Kitty looking at me, with a strange and timid look. As if she were not certain that I would be glad to see her. As if she doubted whether I could love her any more; as if her soul in earth and heaven hung on the next moment.

I could not go to her, and I could not say a word; and to tell the truth, I don’t know what I did. But I must have spread my arms, by some gift of nature; for before I could think of it, there she was; weeping—as I never could have thought it possible for any one, even in this world of tears, to weep.

Then she put up her hand, with the fingers thrown back, and stroked my cheeks gently, and said—“How thin! How thin!” Then she threw both arms around my neck, and drew my face down to her lips, and covered every inch of it with sobbing kisses. I pressed her sweet bosom to mine, and our hearts seemed to beat into one another.

“Oh, Kit, my own, own dear old Kit! Can you ever forgive me? Ever?”

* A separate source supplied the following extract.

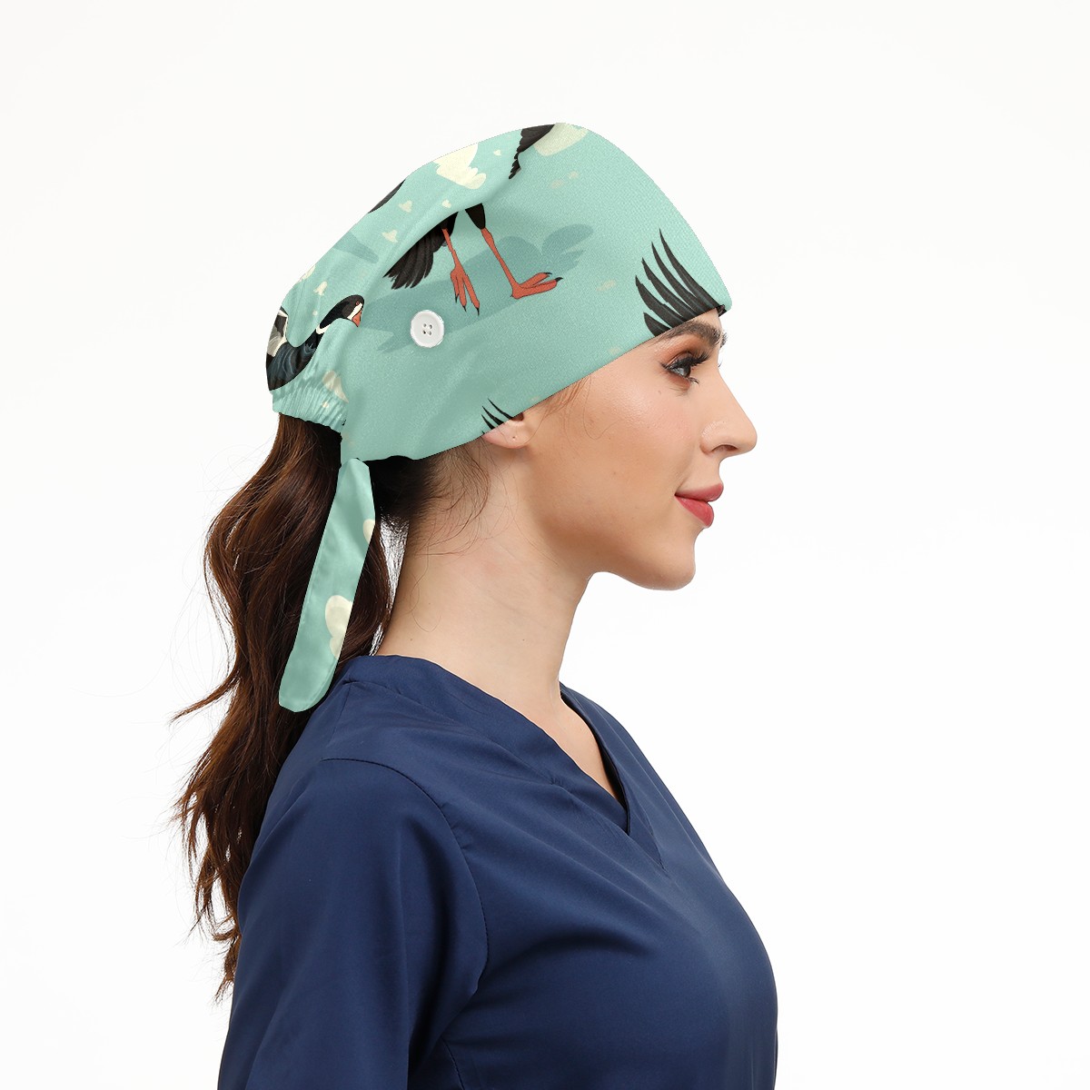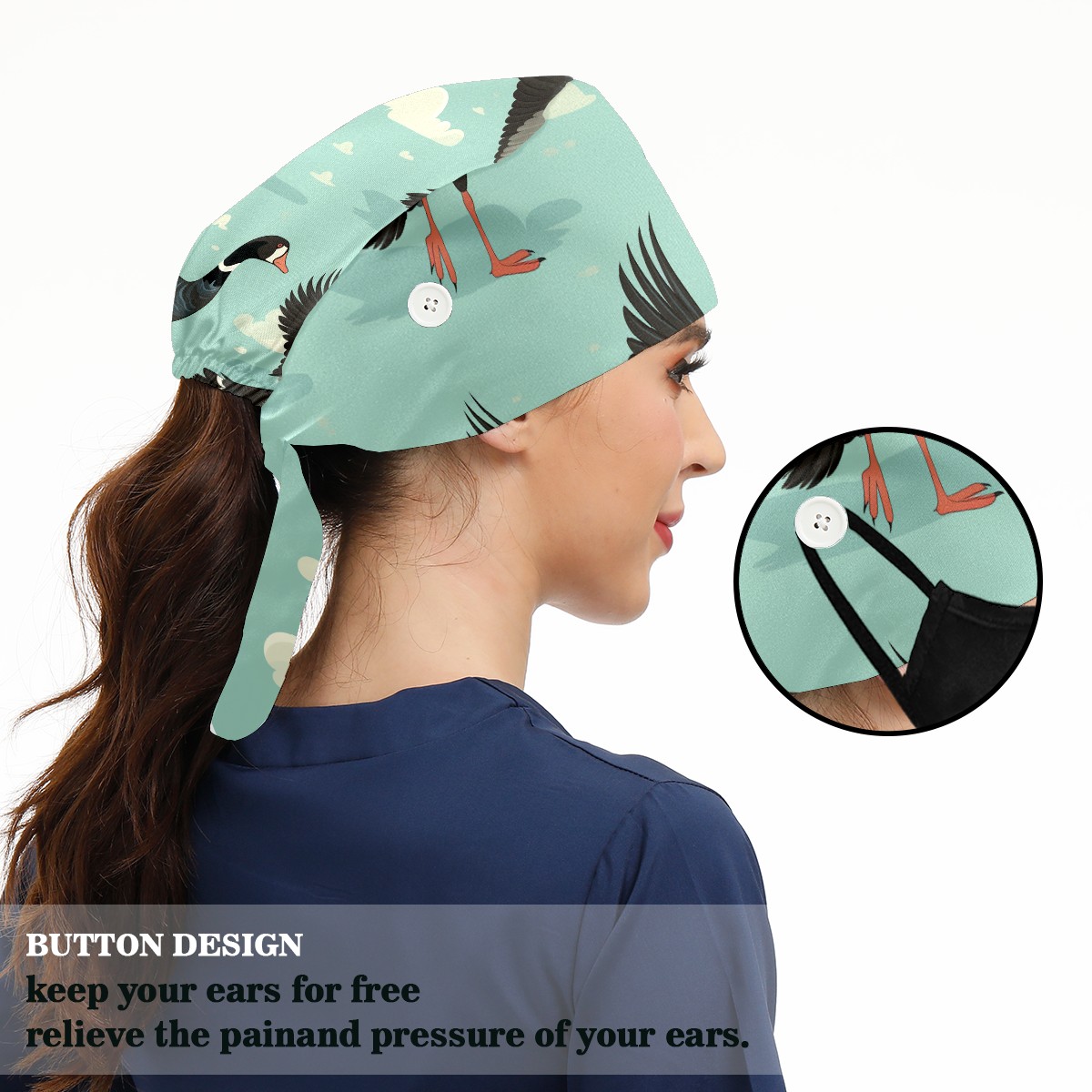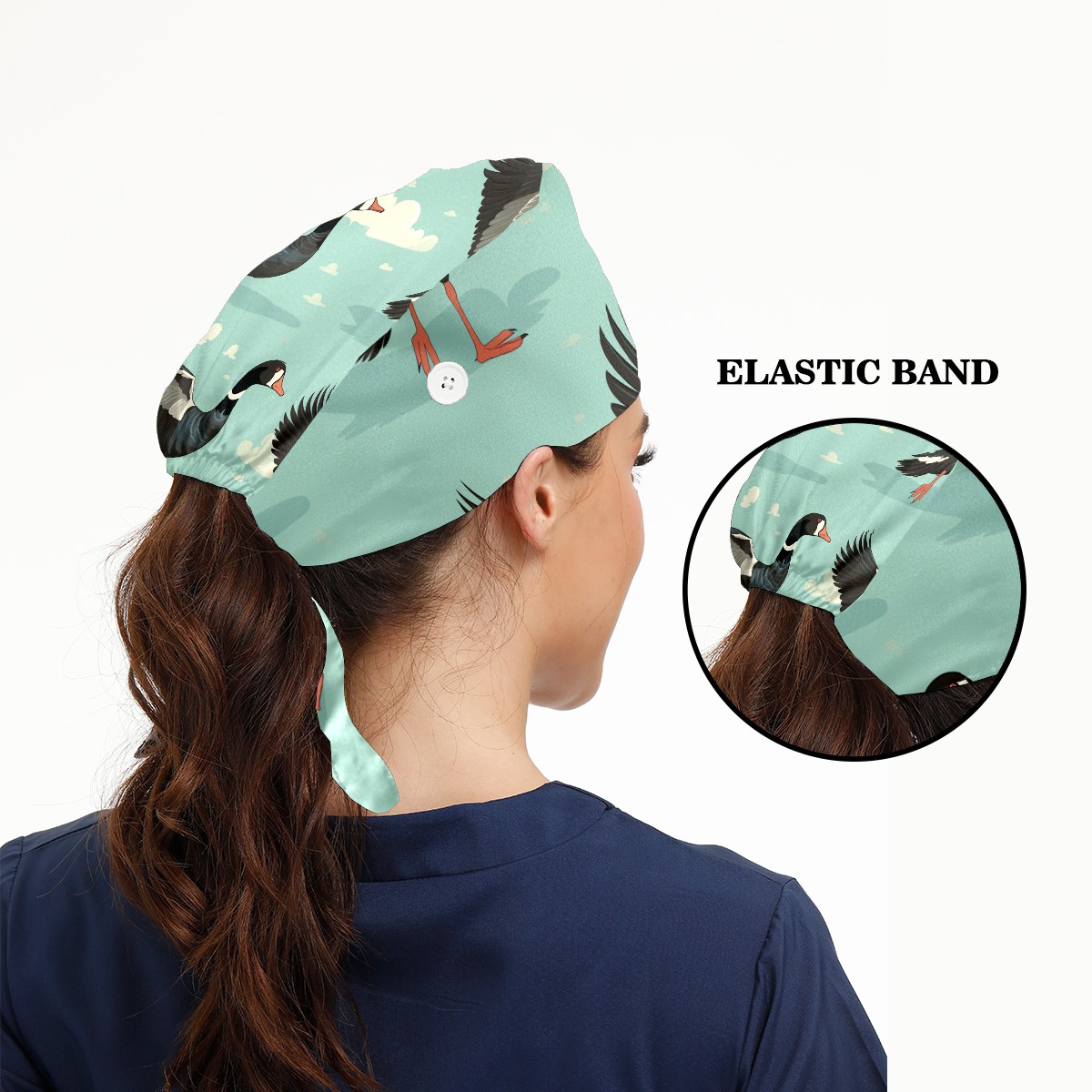 Working Caps with Button & Sweatband Satin Lined Cotton Adjustable Nurse Hats Elastic Band Scrub Cap Surgeon Hat Duck

She said this I dare say fifty times, scarcely allowing me to speak, for she said it was not good for me; withdrawing and feigning to be ashamed of her passionate love every now and then; and then rushing into my embrace again. Then she stood up, and threw back her beautiful hair, and said with the glance which she knew I adored—

“Well, how do you think I am looking, love? Don’t you think it is high time to tell me?”

She was wearing some foreign dress, beautifully cut, which set off her figure; and she knew it very well.

“I never saw you looking half so lovely,” I replied; “though I thought it impossible to improve you.”

“Sun-burnt, and freckled, and mosquito-bitten. But never mind, dear, if you love your own wife. We’ll soon make all that right again. Oh, I have been too wild! Feel how my heart is jumping.”

She was threatened with hysterics; but I soothed her gently, and she rested on my breast with her eyes half closed. As I looked at her, I felt that in this rapture I could die.